Mouse Polycombm M33 is required for splenic vascular and adrenal gland formation through regulating Ad4BP/SF-1 expression

Yuko Katoh-Fukui*, Akiko Owaki, Yoshiro Toyama, Masatomo Kusaka, Yuko Shinohara, Mamiko Maekawa, Kiyotaka Toshimori, and Ken-ichirou Morohashi

Division for Sex Differentiation, National Institute for Basic Biology, National Institutes of Natural Sciences, Okazaki, Aichi, Japan; Core Research for Evolutional Science and Technology (CREST), Japan Science and Technology Corporation, Kawaguchi, Saitama, Japan
Department of Anatomy, Graduate School of Medicine, Chiba University, Chiba, Japan
Division for Sex Differentiation, National Institute for Basic Biology, National Institutes of Natural Sciences, Okazaki, Aichi, Japan; Department of Molecular Biomechanism, School of Life Sciences, Graduate University for Advanced Studies, Okazaki, Aichi, Japan

* Corresponding author; email: yfukui{at}nibb.ac.jp.

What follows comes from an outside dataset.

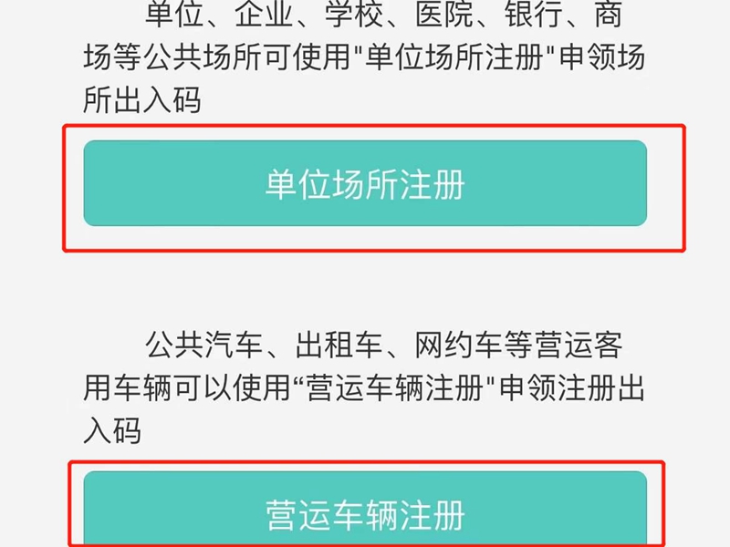 3、根据需求选择“单位场所注册”或“营运车辆注册”,然后填写完信息,完成后即可获得出入健康码。

Mice with disrupted mammalian PcG (Polycomb Group) genes commonly show skeletal transformation of anterior-posterior identities. Disruption of the murine M33 gene, a PcG member, displayed posterior transformation of the vertebral columns and sternal ribs. In addition, failure of T-cell expansion and hypoplasia and sex-reversal of the gonads, have been observed. In the present study, we identified defects in the splenic and adrenal formation of M33-knockout (KO) mice on a C57BL/6 genetic background. The spleen in these animals was smaller than in the wild-type and was spotted red due to non-uniform distribution of blood cells. Histological examination revealed disorganization of the vascular endothelium and its surrounding structures, and immunohistochemistry demonstrated disturbances in vascular formation and colonization of immature hematopoietic cells. These splenic phenotypes observed in the M33-KO mice were quite similar to those seen in Ad4BP/SF-1 (Nr5a1) knockouts. Moreover, the adrenal glands of M33-KO and Ad4BP/SF-1 heterozygous KO mice were smaller than those of the wild-type. Western-blot, immunohistochemistry and RT-PCR analyses of the M33 knockouts all indicated significantly low expression of Ad4BP/SF-1, indicating that M33 is an essential upstream regulator of Ad4BP/SF-1. In agreement with these observations, chromatin immunoprecipitation assays with adrenocortical Y-1 cells revealed direct binding of the M33-containing PcG to the Ad4BP/SF-1 gene locus.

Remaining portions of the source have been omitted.